Dataset entries:
☆ ☆ ☆ ☆ ☆ ☆ ☆

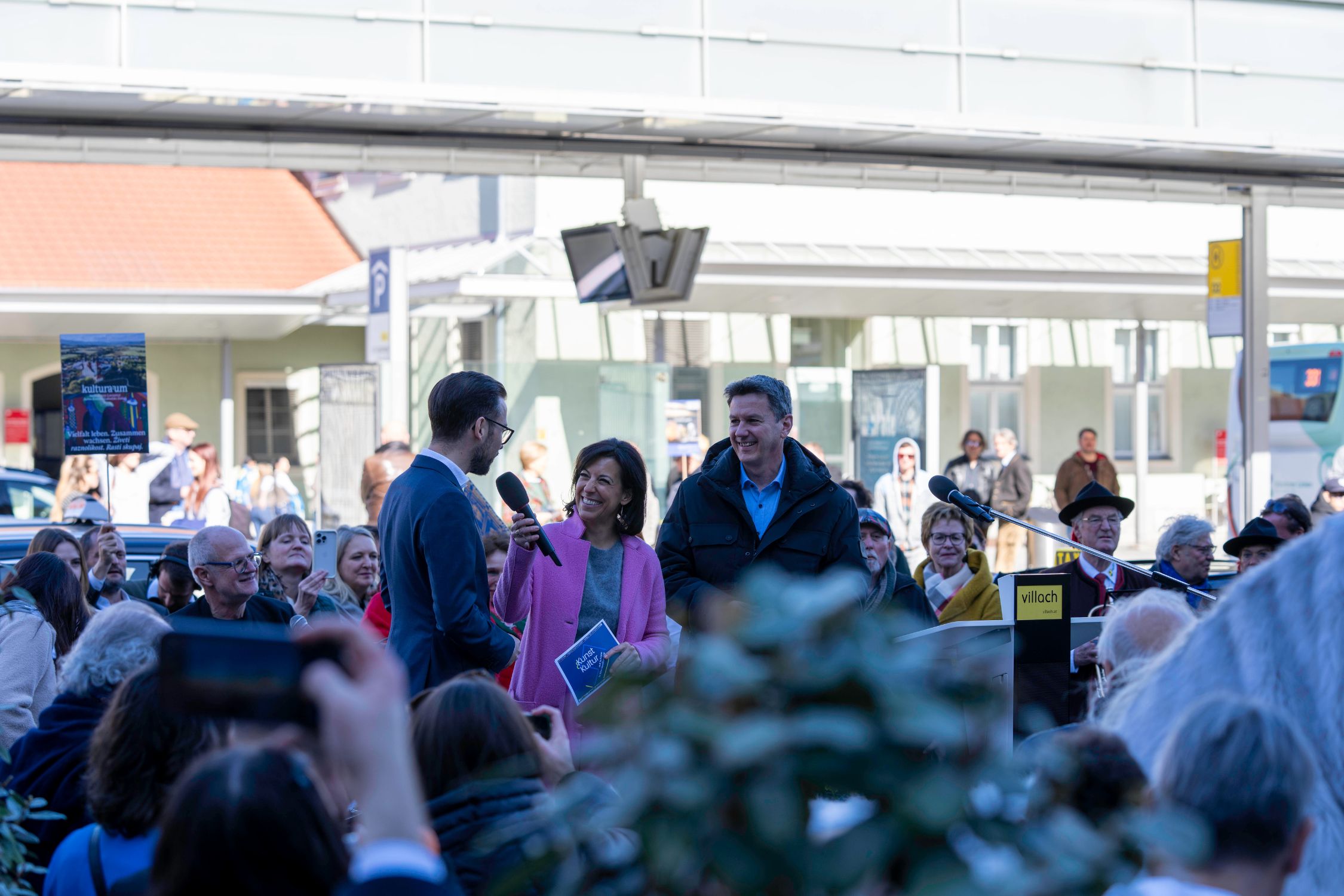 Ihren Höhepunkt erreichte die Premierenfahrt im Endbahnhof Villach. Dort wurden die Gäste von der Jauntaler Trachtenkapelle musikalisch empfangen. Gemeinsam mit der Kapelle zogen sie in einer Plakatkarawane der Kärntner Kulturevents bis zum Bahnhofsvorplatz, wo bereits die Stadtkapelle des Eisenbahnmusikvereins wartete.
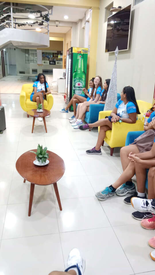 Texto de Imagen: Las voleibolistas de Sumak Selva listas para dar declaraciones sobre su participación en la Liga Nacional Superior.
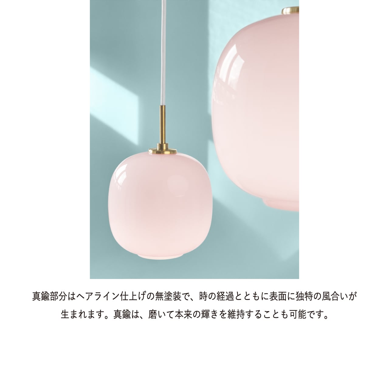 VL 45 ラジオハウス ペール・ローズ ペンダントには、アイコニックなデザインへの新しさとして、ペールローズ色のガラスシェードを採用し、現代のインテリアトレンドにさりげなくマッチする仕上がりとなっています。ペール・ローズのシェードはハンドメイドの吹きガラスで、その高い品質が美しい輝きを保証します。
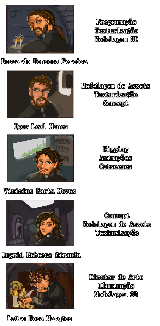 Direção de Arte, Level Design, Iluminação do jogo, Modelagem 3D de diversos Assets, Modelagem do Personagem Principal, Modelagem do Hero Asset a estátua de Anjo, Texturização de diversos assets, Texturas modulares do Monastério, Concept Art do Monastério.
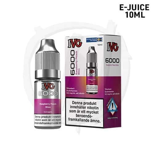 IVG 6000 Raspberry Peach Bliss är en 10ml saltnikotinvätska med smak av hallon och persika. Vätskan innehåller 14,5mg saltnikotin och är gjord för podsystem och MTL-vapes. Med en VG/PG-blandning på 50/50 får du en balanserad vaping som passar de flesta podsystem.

☆ ☆ ☆ ☆ ☆ ☆ ☆

» **TASK**
Every line of the data above should be quoted exactly. Omit the pictures.

» **SOLUTION FOR THIS PROBLEM**
 Ihren Höhepunkt erreichte die Premierenfahrt im Endbahnhof Villach. Dort wurden die Gäste von der Jauntaler Trachtenkapelle musikalisch empfangen. Gemeinsam mit der Kapelle zogen sie in einer Plakatkarawane der Kärntner Kulturevents bis zum Bahnhofsvorplatz, wo bereits die Stadtkapelle des Eisenbahnmusikvereins wartete.
 Texto de Imagen: Las voleibolistas de Sumak Selva listas para dar declaraciones sobre su participación en la Liga Nacional Superior.
 VL 45 ラジオハウス ペール・ローズ ペンダントには、アイコニックなデザインへの新しさとして、ペールローズ色のガラスシェードを採用し、現代のインテリアトレンドにさりげなくマッチする仕上がりとなっています。ペール・ローズのシェードはハンドメイドの吹きガラスで、その高い品質が美しい輝きを保証します。
 Direção de Arte, Level Design, Iluminação do jogo, Modelagem 3D de diversos Assets, Modelagem do Personagem Principal, Modelagem do Hero Asset a estátua de Anjo, Texturização de diversos assets, Texturas modulares do Monastério, Concept Art do Monastério.
 IVG 6000 Raspberry Peach Bliss är en 10ml saltnikotinvätska med smak av hallon och persika. Vätskan innehåller 14,5mg saltnikotin och är gjord för podsystem och MTL-vapes. Med en VG/PG-blandning på 50/50 får du en balanserad vaping som passar de flesta podsystem.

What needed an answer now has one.